Gifford's project lays the groundwork for pursuing machine learning-assisted counts of seals, though they acknowledge that the model, which currently predicts with 60% average precision, could be further refined. "I'm only using freely accessible images right now," added Gifford. "With improved images, I have high confidence that the model would perform more robustly." 

"I have been impressed with how Silas took on a tough problem and figured out how to work on the different parts of the data pipeline," said Eric Van Dusen, outreach and technology lead for the Data Science Undergraduate Studies program and lecturer for the honors thesis class.

Improving safety and accuracy

Humans hunted elephant seals almost to the point of extinction 100 years ago. "There's this terrible story," said Gifford. "Smithsonian researchers found eight elephant seals in California in 1892. They were thrilled because they thought elephant seals had been extinct for 10 years – and then they killed seven of the eight and took them back to the museum." 

Historically exploited for blubber and fur, today elephant seals are covered by the Marine Mammal Protection Act. "We never want them to be endangered again, so it's important to monitor them," Gifford said. After a 150-year absence, the first breeding pair of elephant seals were spotted in Point Reyes in 1981. Today the population has skyrocketed to approximately 4,000 seals in the park.

A view of seals on the beach from a lookout point and a close-up.  (Photo/ Silas Gifford)
Counting seals from a lookout point at Point Reyes National Seashore (left) and a closer look at the seals from above (right). (Photo/ Silas Gifford)

Gifford explained that the preferred monitoring method involves looking down at the seals from cliffs, though not all coves are easily viewed from above, and cliffside erosion has limited access to some lookout points. In that case, surveyors cautiously walk on the beach to tally the seals. Manually counting seals requires an enormous time commitment from many volunteers – approximately 900 hours in a season, Gifford calculated.  

Having assisted in counts at Point Reyes, Gifford knows how intimidating it is to be within five feet of an elephant seal. "They're huge, and it's really not a good idea to get close to them. It's not likely, but they could charge at you." 

Gifford said that the key incentives to develop their model further are greater counting accuracy, increased safety for surveyors and less disruption for seals in scenarios when they cannot be counted from above.

Exploring data science at Berkeley

"I was part of the first freshman class accepted to the data science major at Berkeley," Gifford noted. After completing their third year of undergraduate studies, Gifford will graduate this month and enter the School of Information’s  Master of Information and Data Science program in the fall. 

Taking advantage of the many opportunities for Berkeley data science students, Gifford participated in the Data Scholars program, which offers community and mentorship for students with identities and backgrounds often underrepresented in STEM fields.
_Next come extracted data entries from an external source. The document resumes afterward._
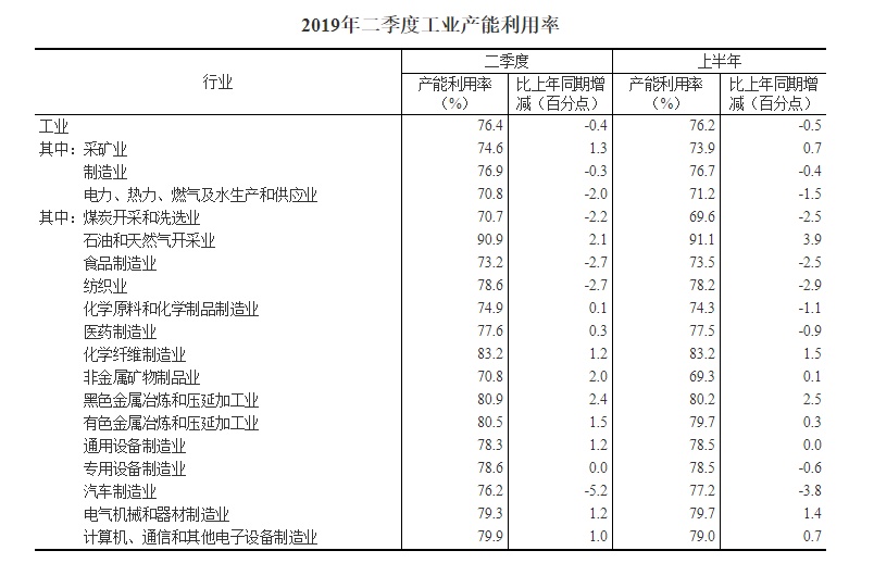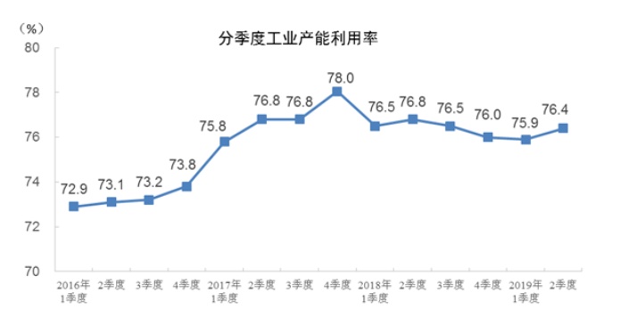 智通财经APP获悉,7月15日,国家统计局数据显示,2019年二季度,全国工业产能利用率为76.4%,比上年同期下降0.4个百分点,比一季度上升0.5个百分点。上半年累计,全国工业产能利用率为76.2%,比上年同期下降0.5个百分点。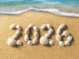 Seashells arranged to form year 2026 on a sandy beach with ocean waves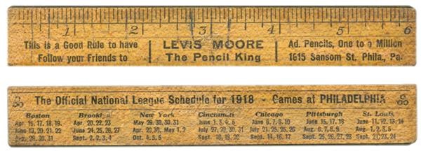 6" "Levis Moore" wooden ad ruler with steel straight edges printed with Philadelphia's schedule for the 1918 season on the reverse. Bold print on both front and back with only light pencil markings on front side, EX.

This experience proved valuable, connecting Gifford to other students new to data science and leading to Gifford's undergraduate research internship at Point Reyes National Seashore. 
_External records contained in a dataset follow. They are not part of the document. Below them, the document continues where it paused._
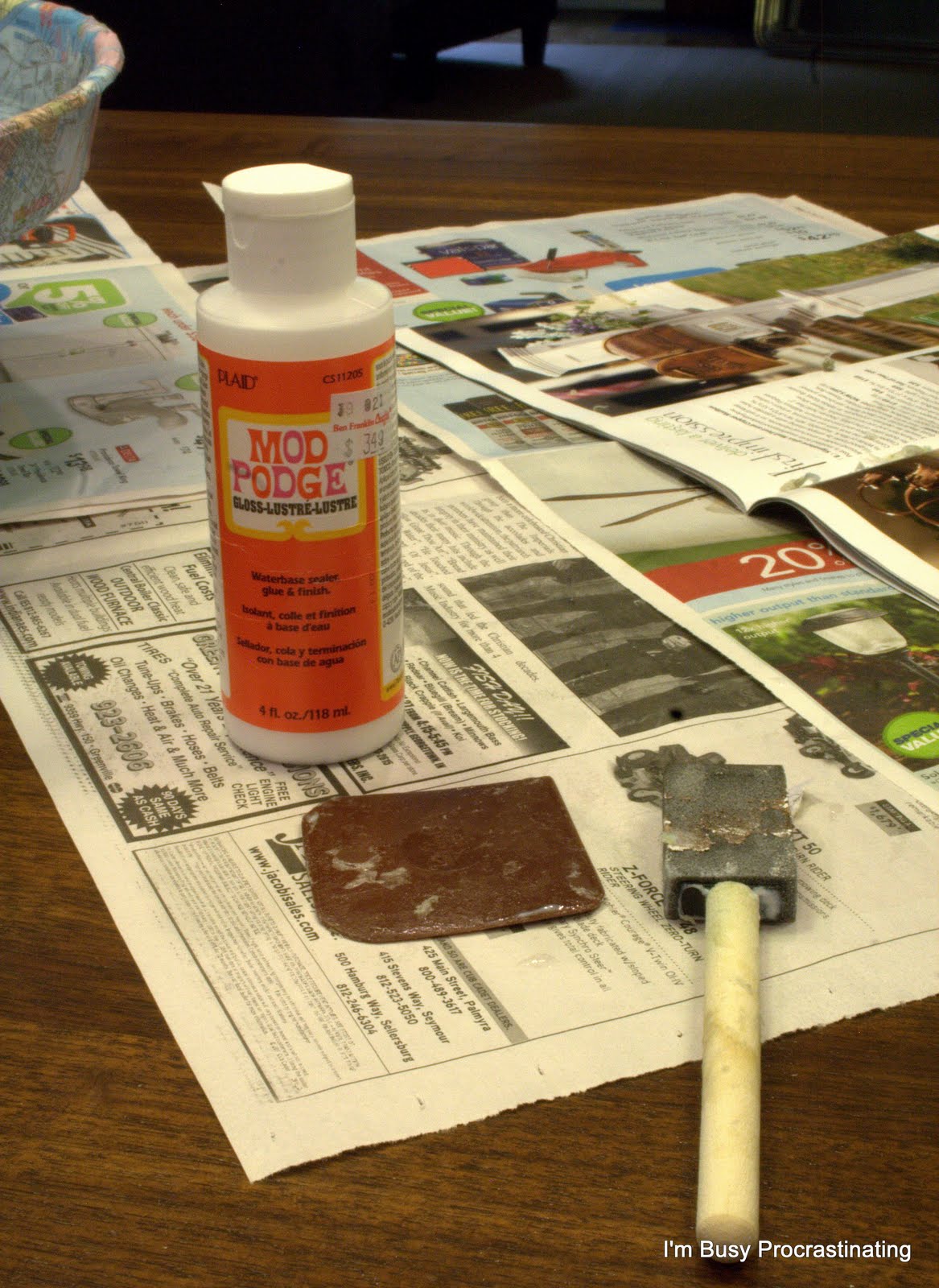 After wiping the whole tray down to get rid of any lingering dirt, I decided to brush Mod Podge all over the tray. Sorry, blurry photo and it's not like I can go back and re-shoot it. But you get the idea.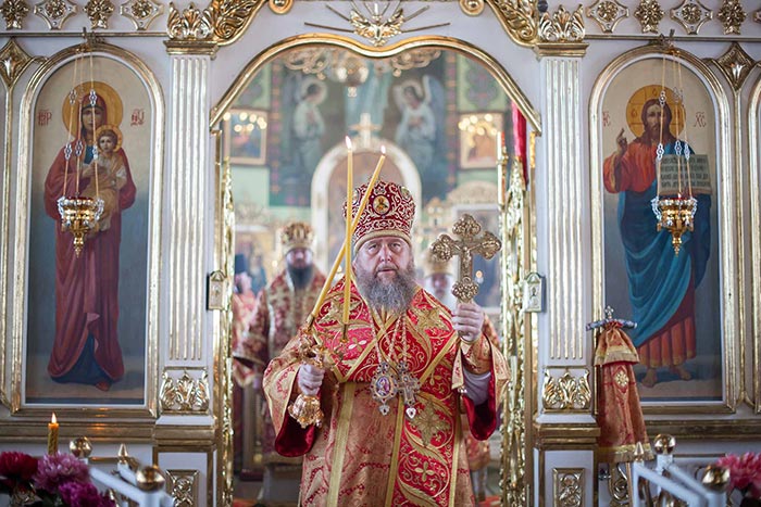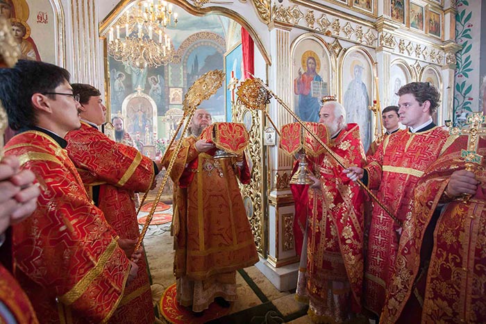 Главе Православной Церкви Казахстана сослужили: архиепископ Уральский и Актюбинский Антоний, епископ Усть-Каменогорский и Семипалатинский Амфилохий; настоятель кафедрального Михаило-Архангельского собора архимандрит Феодосий (Курьянов); настоятель храма в честь иконы Божией Матери «Всех скорбящих радость» города Алма-Аты протоиерей Евгений Воробьев; руководитель Издательского отдела Казахстанского Митрополичьего округа архимандрит Иосиф (Еременко); секретарь Уральской епархии игумен Дионисий (Козулев); настоятель Успенского храма протоиерей Михаил Степанов; руководитель Информационного отдела Митрополичьего округа протоиерей Евгений Иванов; секретарь Уральского епархиального управления архидиакон Василий (Крюков); руководитель службы протокола митрополита протодиакон Роман Головин; протодиакон Свято-Никольского собора Южной столицы Георгий Засыпкин; клирики алма-атинского Вознесенского собора диакон Владимир Сыровацкий и диакон Димитрий Савченко; клирики Уральской епархии.
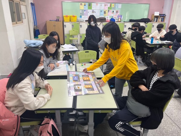 2교시(송하윤): 1교시에 배운 금융경제 수업 내용을 복습하고, 교구 수업에 앞서 게임 규칙을 설명하였습니다. 경제보드게임을 통해, 학생들이 경제 용어와 경제 지식을 재미있게 익힐 수 있도록 하였습니다. 추가 설명을 덧붙이며, 게임이 원활히 진행되도록 도왔습니다.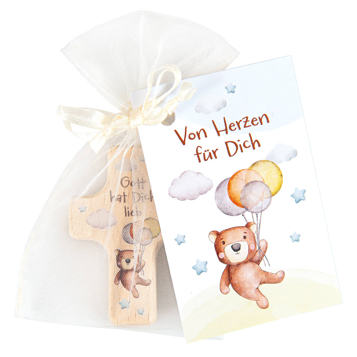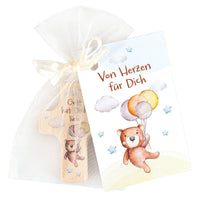 Mit kindgerechtem Bärenmotiv und Text: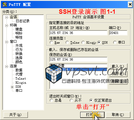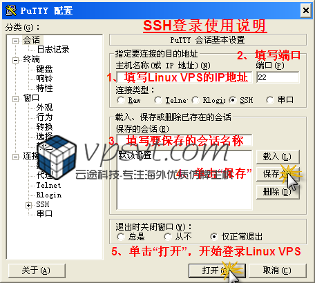 以下是使用putty 登录linux vps进行远程(ssh)管理 的图片教程: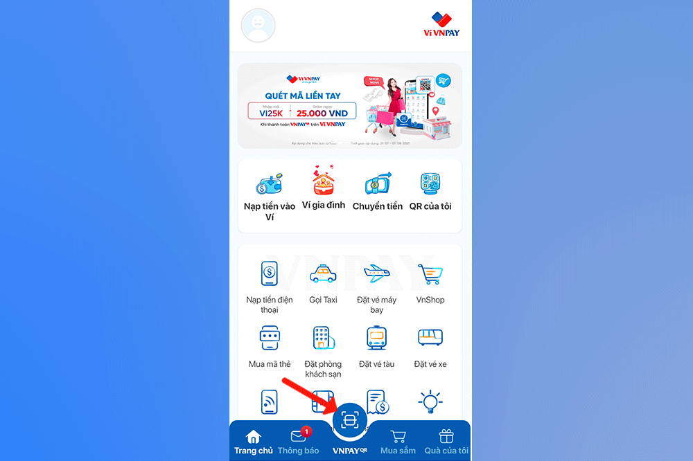 Bước 1: Mở ứng dụng VNPAY, trong giao diện chính bạn hãy chọn vào biểu tượng mã QR ngay chính giữa của thanh menu phía dưới.

Elephant and harbor seals at Point Reyes National Seashore. (Photo/ Silas Gifford)
Elephant seals at Point Reyes National Seashore. (Photo/ Silas Gifford). 

Gifford completed their year-long research and thesis project on remote seal monitoring through the Data Science Honors program. "I loved Silas' project because I love Point Reyes, and I have been out to those cliffs where the spotters are counting animals,” Van Dusen said. “Every year, I am surprised by the breadth of topics that honors thesis students apply their data science skills to."

Gifford plans to revisit their model over the summer and explore improvements. "I have a newfound appreciation for the invisible labor that goes into making machine learning datasets,” reflected Gifford. “Completing my thesis showed me that I can do research and work on interdisciplinary teams. Being in almost complete control over my research has really boosted my confidence.”